Егор Иваныч вышел на лужайку и на ней увидел две небольшие могилки. Это заняло его. «Кто бы тут похоронен был? – думал он. – Как странно – в лесу!» Оглянувшись кругом, он увидел, что его отовсюду окружает лес. Недолго думая, он влез на самое большое дерево и отсюда рассмотрел дорогу. Он вышел на дорогу и, заслышав бабьи голоса, пошел на них. Показались три бабы. Старшая тараторила что-то. Молотов обратился к старшей.
– Тетушка! – крикнул он.
Бабы оглянулись, отвесили по низкому поклону, в полспины, как обыкновенно делают деревенские простолюдины, встречая всякого одетого по-барски.
– Чего тебе, батюшка? – спросила старшая.
– Не знаешь ли, тетушка, чьи там могилки?
– Где это, барин, могилки?
– Вот тут и есть, у реки, на лужайке.
– А! – вскрикнула баба. – Есть могилки, есть… это Мироновы детки… двое померло…
– Отчего же они там похоронены?
– Кто… детки-то? а некрещены померли.
Она подняла глаза к небу, вздохнула и, сказавши: «Господи помилуй, господи помилуй», понурила голову. Но вдруг лицо ее оживилось, и она заговорила:
– Известно, некрещеное дитя да померло – это все одно что дерево… Где ни закопай, все равно… В нем и духу нет… это уж такой человек… без духу он родится… пар в нем… Этаконького и не окрестишь, так и помрет… бог не попустит, нет…
– Откуда ж ты взяла, что в некрещеном духу нет? – спросил Молотов.
– А чего ж христианское дитя да без крещения помирает? разве можно? – не можно… Иной и вовсе мертвенькой родится… у этого и пару нет… Некрещеное дитя, так, знать, и родится не святое дитя.
Баба развела руками и замолчала. Подивился Молотов бабьему смыслу.
– Прощай, тетушка, спасибо, – сказал он.
– Прощай, батюшка.
Еще более подивился Молотов бабьему смыслу, когда после оказалось, что поверье о некрещеных детях у бабы было чисто личное, что оно в деревне никому не известно. Ему попалась баба-поэт, баба-мистик. Может быть, ей самой до сих пор не приходилось объяснять себе непонятную для нее судьбу некоторых детей, и вот, лишь только пришел ей в голову вопрос о детях, она, не желая оставаться долго в недоумении, сразу при помощи своего вдохновения миновала все противоречия и мгновенно создала миф. И очень может быть, что этот миф перейдет к ее детям, внукам, переползет в другие семьи, к соседям и знакомым, и чрез тридцать – сорок лет явится новое местное поверье, и догадайтесь потом, откуда оно пошло. Не одна старина запасает предрассудки, они еще и ныне создаются. Удивительно то чувство, с которым простолюдин относится к природе: оно непосредственно и создает миф мгновенно.
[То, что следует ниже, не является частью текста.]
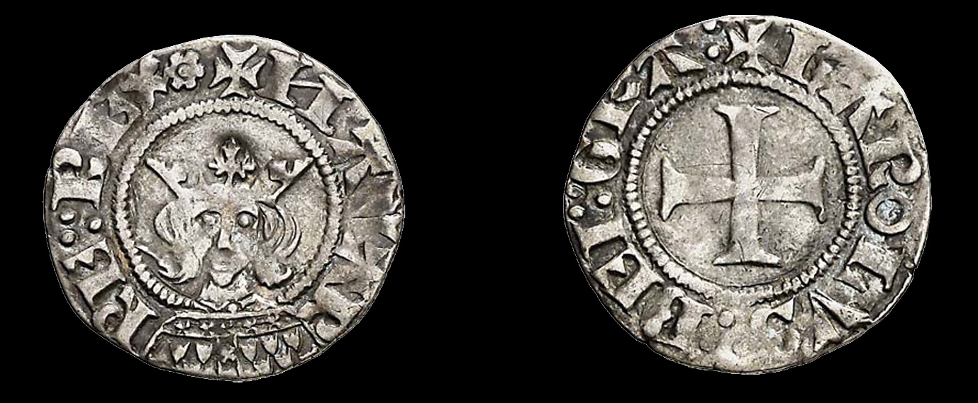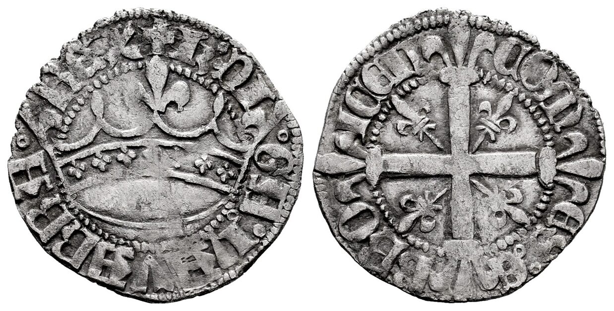 Karlos III. (1387-1425) eta again Karlos II.aren (1350-1387) Nafarroako erregeen garaian landutako biloiezko karlin txuria – 1,00 gr, 19,5 mm Diametroa
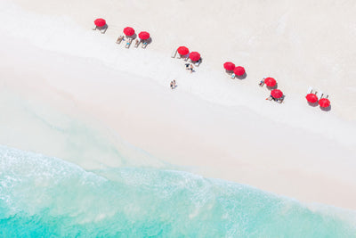 Delight in a playful pop of red with CORAL SANDS RED UMBRELLAS, HARBOUR ISLAND from Gray’s beloved aerial beach series, À la Plage.

Легкая грусть напала на Молотова. Он задумался и пошел медленно назад… Неужели судьба детей опечалила его?.. Но, во всяком случае, то была приятная грусть, которую жаль согнать с души. Он вздохнул, лег на траву и долго задумчиво смотрел на небо, голубое-голубое, как детские голубые глаза. Он следил за полетом золотистых облачков, которые тянулись по небу. Неужели он думал: «Куда это бегут облака?» – ведь это ребячество. Улыбнулся он задумчиво… Но вдруг раздался треск сухого дерева. Молотов не мог понять причину звука, встал на ноги и осмотрелся кругом. Потом пошел отыскивать лодку; пора было домой. Когда он на возвратном пути проезжал мимо Илличовки, то увидел, как девушка какая-то в белом кисейном платье порхнула между кустами и быстро скрылась. «Кажется, Елена Ильинишна», – подумал Молотов. Ему вспомнился вчерашний разговор… «Что это, в самом деле, за девушка? – думал он. – Не знаю я их. Только, кажется, Лизавета Аркадьевна ошиблась». Егора Иваныча недолго занимал этот вопрос. Он вдруг налег на весла и стал работать ими что есть силы. Лодка полетела быстро, вода шла вьюром от весел и щелкала в бока. Молотов вернулся домой к обеду.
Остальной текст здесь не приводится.